I was just wondering whether you could crush up a glazed, high fired piece
of clay, taking the energy involved as granted, and use it as a filler or
grog of some kind? Technically, would the glaze involved cause a problem
in the clay body?
Just wondering.
j-m

Nikom Chimnok on sun 5 mar 00

Once a Japanese artist told me that you should use no more than 10% glazed
pots when making grog. But that depends. Because of the flux in the glaze,
you're going to end up with a clay that has a lower maturing temperature
than straight clay. But not by much. Think of the percentages: How much does
the glaze weigh, compared to the clay? And how much of the glaze is flux,
compared to the silica/alumina content? The answer to both questions is:
Very little.

Because we fire tons and tons of large pieces, and use a very thin glaze, I
know that 20 kilos of glaze covers approximately 2500 kilos of clay. In
practical terms, the glaze in the grog seems to have no effect whatsoever,
even tho we're using 20% grog. We don't worry about it at all--if a glazed
piece is unsalable, it becomes grog.

Of course, we're using a red claybody and making brown glaze. The limit
would be much tighter if you were firing small pieces with thick glaze and
needed a pure white body--at some point you'd get discoloration, as well as
significantly lowering the maturing temperature of the body.

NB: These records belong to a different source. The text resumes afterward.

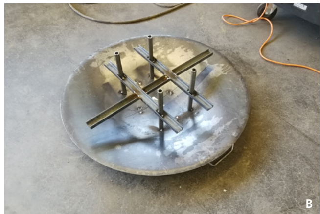
Abb. 1 Modell-Entwurf der HAFL einer Metallabdeckung für offene Einlaufschächte zum Schutz vor Einträgen von Pflanzenschutzmittel in Gewässer durch Abdrift während des Applikationsvorgangs. (A) Ein Überlagern des Metalldeckelrands bei den Schachtdeckeln gewährleistet einen optimalen Schutz im Feld. (B) Metallstifte sorgen für eine gute Verankerung und einen ausreichenden Abstand zum Boden. (Quelle: HAFL).
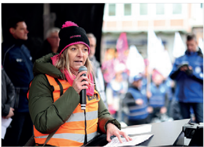
29. November, Nürnberg
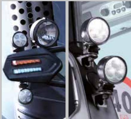
WARRIOR Kabinen LED vorne/hinten (7250 TTV/9340 TTV) optional
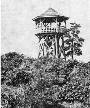
Kecse-hegyi kilátó (1905-1938)
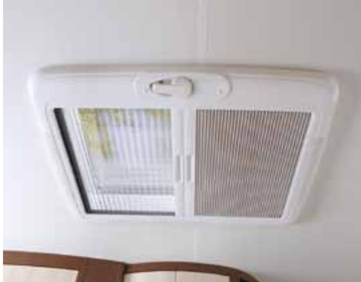
DOMETIC-SEITZ Heki-Dachhaube mit Verdunkelungs- und Insektenschutzplissee
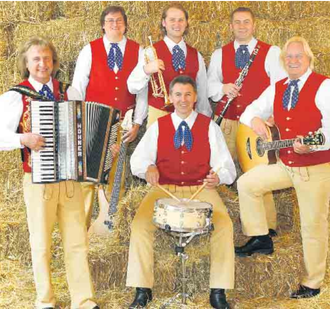
Die Original Steigerwälder aus Franken bringen in kleiner Besetzung einen Hauch Bayern nach Ostwestfalen bei der Bayrischen Sommernacht im Hotel am Park am 28. August.

Hotel am Park lädt zur dritten Bad Driburger Sommernacht ein
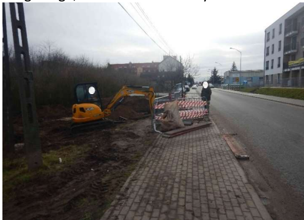
Rozkopanie chodnika bez zezwolenia, nałożono mandat karny i powiadomiono Wydział ds. Komunalnych i Inwestycji.

Przypadki takie miały miejsce głównie na drogach gminnych i chodnikach w obrębie budów. Dodatkowo w tych rejonach często dochodziło do zabłocenia dróg. W analizowanym okresie podjęto łącznie 102 interwencji. W ich wyniku nałożono 11 mandatów karnych oraz zastosowano 19 pouczeń. Za uszkodzenie chodnika lub jezdni nałożono 6 mandatów karnych, udzielono 5 pouczeń. Ponadto podjęto 29 interwencji związanych z samowolnym zwężeniem pasa drogowego, nałożono 3 mandaty karne i udzielono 4 pouczeń.
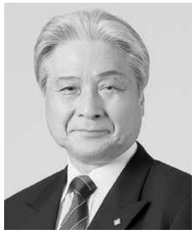
栃木県知事 福田 富一氏

東京圏から好アクセス 低い大規模地震リスク 栃木県は東京から約100キロ圏内にあり、東北自動車道や東北新幹線が南北に走り、北関東自動車道が東西に走るなど、東地方における交通の要所に位置し、東京圏からのアクセスは抜群の環境であり、また大規模地震のリスクが低いと見込まれており、企業にとってのリスク分散、事業継続計画（BCP）の観点からも拠点整備の適地であると考えられています。加えて本県の工業地の平均価格は、関東圏内で最も安い価格となっており、価格面でも企業が投資しやすい条件を備えています。本県では企業ニーズに応えられるよう産業団地の整備に積極的に取り組んでまいります。 具体的には、現在、「鹿沼インター産業団地（鹿沼市、および「しもつけ産業団地」〔下野市〕の整備を進めているほか、昨年9月の壬生町における新産業団地開発の事業実施の決定に加え、11月には足利市における新たな産業団地開発に向けた基礎調査実施を決定するなど、企業の皆さまに切れ目のない産業団地を供給できるよう努めています。 特に、鹿沼インター産業団地については、第2期（3、4街区）予約分譲案内を開始したところであり3月1日から29日までを申込期間としておりますので、新たな投資計画をお持ちの企業様には、まずは栃木県を第一候補としてご検討をお願いいたします。
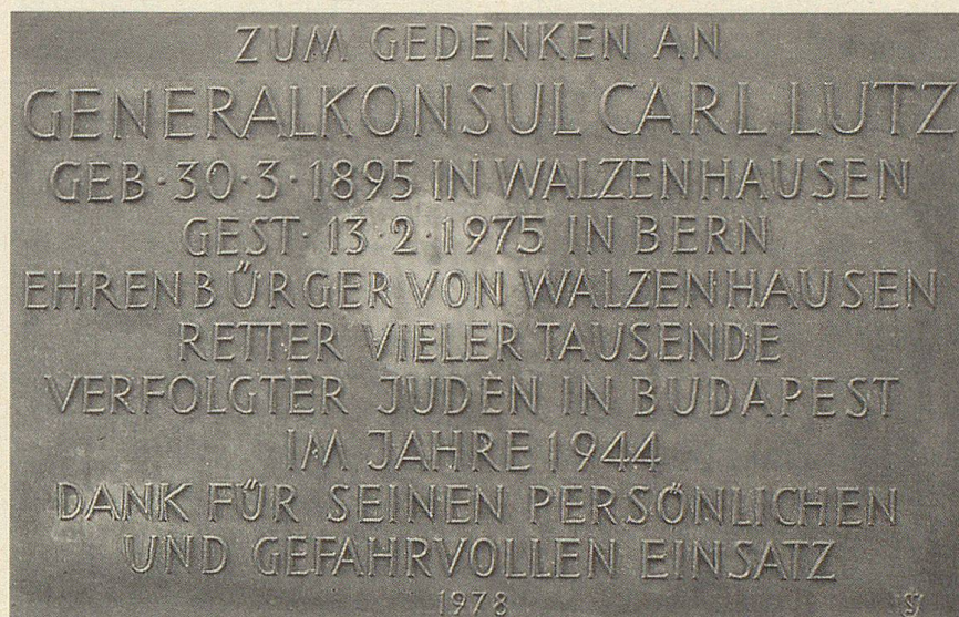
Die Gedenktafel für Carl Lutz an der Kirchenmauer in Walzenhausen

Schweizer Gesandte, verliessen die Hauptstadt. Vizekonsul Lutz und seine Frau, aber auch weitere Angestellte, harrten dennoch auf ihren Posten aus; sie wollten die Menschen, für deren Schutz
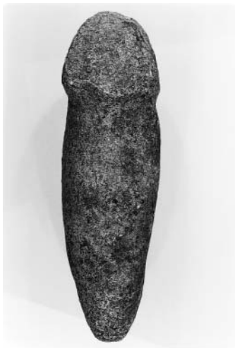
3. Escultura de Molino, vista frontal.
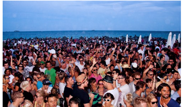
Un Mar de Gente (image cropped)

Los bares en Ibiza son tan famosos como sus discotecas, ya que establecen el estado de ánimo para la vida nocturna por venir. Las bebidas son un poco más baratas aquí que en los clubes y bares tienen entrada gratuita. Siempre hay ofertas promocionales, a veces con chupitos gratis (vacunas).
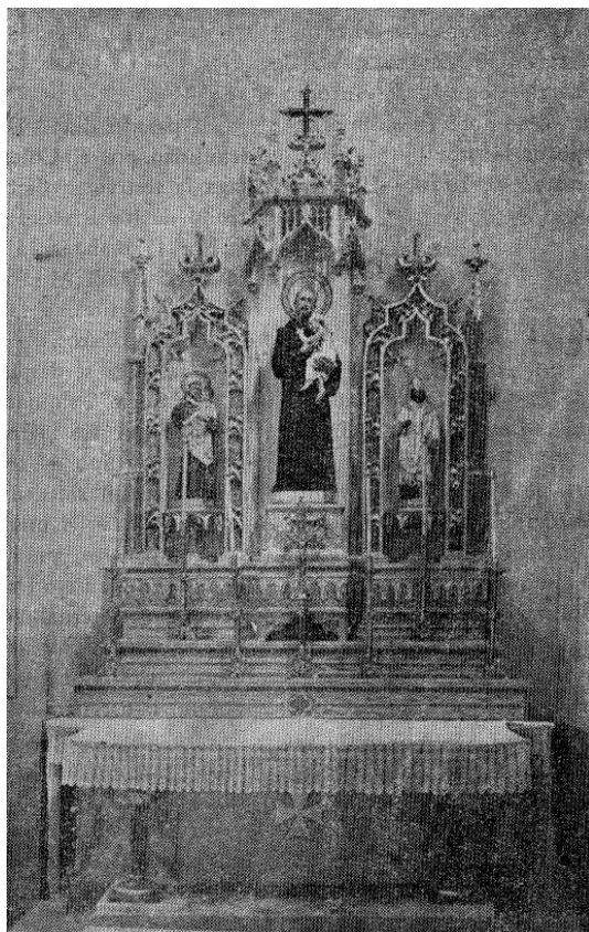
Figura 2. Altar levantado en la Capilla de la Clínica Provincial de Huesca por los Practicantes españoles en honor a su Patrón San Juan de Dios.
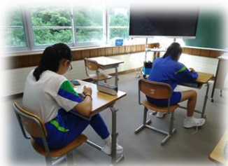
【読み出したら止まらない!】
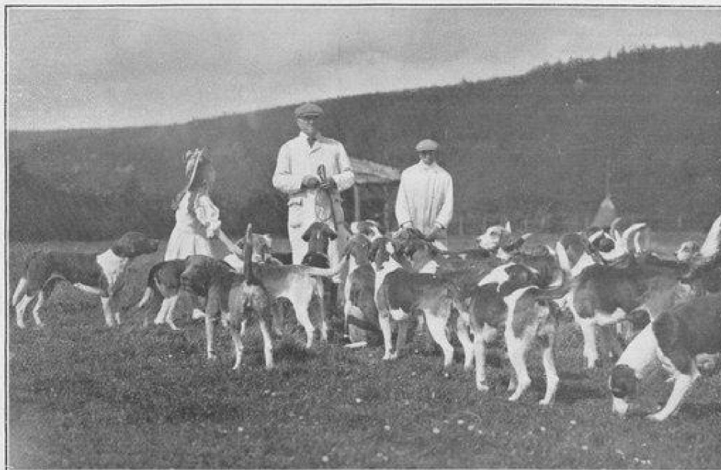
LA MEUTE DU SPA-DRAG-HUNT

Les meutes, au nombre de deux, composées de vingt à vingt-cinq chiens, fox-hounds et bâtards français, ont chassé à tour de rôle. Leur excellent état qui leur a valu l'admiration générale, est tout à l'honneur du kennelsman. Elles ont mené dur comme
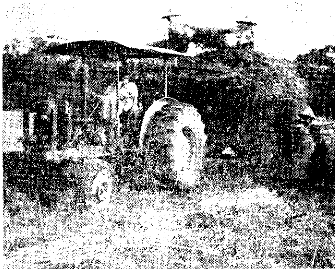
狼尾草收割後運搬

④種植：整地後可用選定的行距開淺溝；深度大約 10 公分，撒基肥於溝底，將有 2 節的草苗 1~3 枝，斜靠溝邊，然後覆土踏緊，苗頭稍露於土面以上。
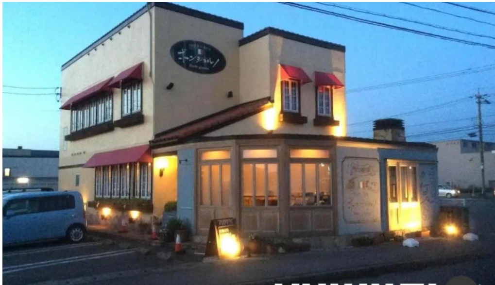
イタリアン手造りパン工房 ボンジョルノ 福井市
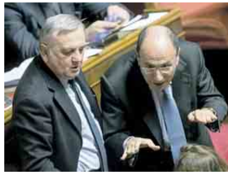
Maurizio Sacconi e Renato Schifani

DEM RICOMPATTATI BERSANI PERÒ IRONIZZA «DENIS? UN VOTO DI COSCIENZA...» ALA INDISPENSABILE PER ARRIVARE A 161
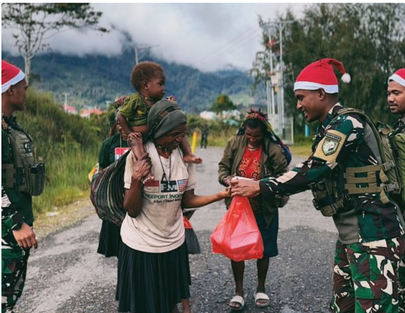
Foto: Satgas Yonif 509 Kostrad memberikan makna baru pada patroli keamanan dengan berbagi kebahagiaan bersama masyarakat di Intan Jaya, Papua.

PAPUA- Dalam balutan semangat Natal yang damai, Satgas Yonif 509 Kostrad memberikan makna baru pada patroli keamanan dengan berbagi kebahagiaan

Maybe that's
where the 10% figure comes from.

Nikom
**************************************************
At 19:10 4/3/00 EST, you wrote:
>----------------------------Original message----------------------------
>I was just wondering whether you could crush up a glazed, high fired piece
>of clay, taking the energy involved as granted, and use it as a filler or
>grog of some kind? Technically, would the glaze involved cause a problem
>in the clay body?
>Just wondering.
>j-m
>
>

ferenc jakab on sun 5 mar 00

As my commercial line is garden pots my wife gets all my seconds and the
drive way gets every thing else. We have about a kilometre of gravel drive.
So far the shards have had little visual impact.
Feri.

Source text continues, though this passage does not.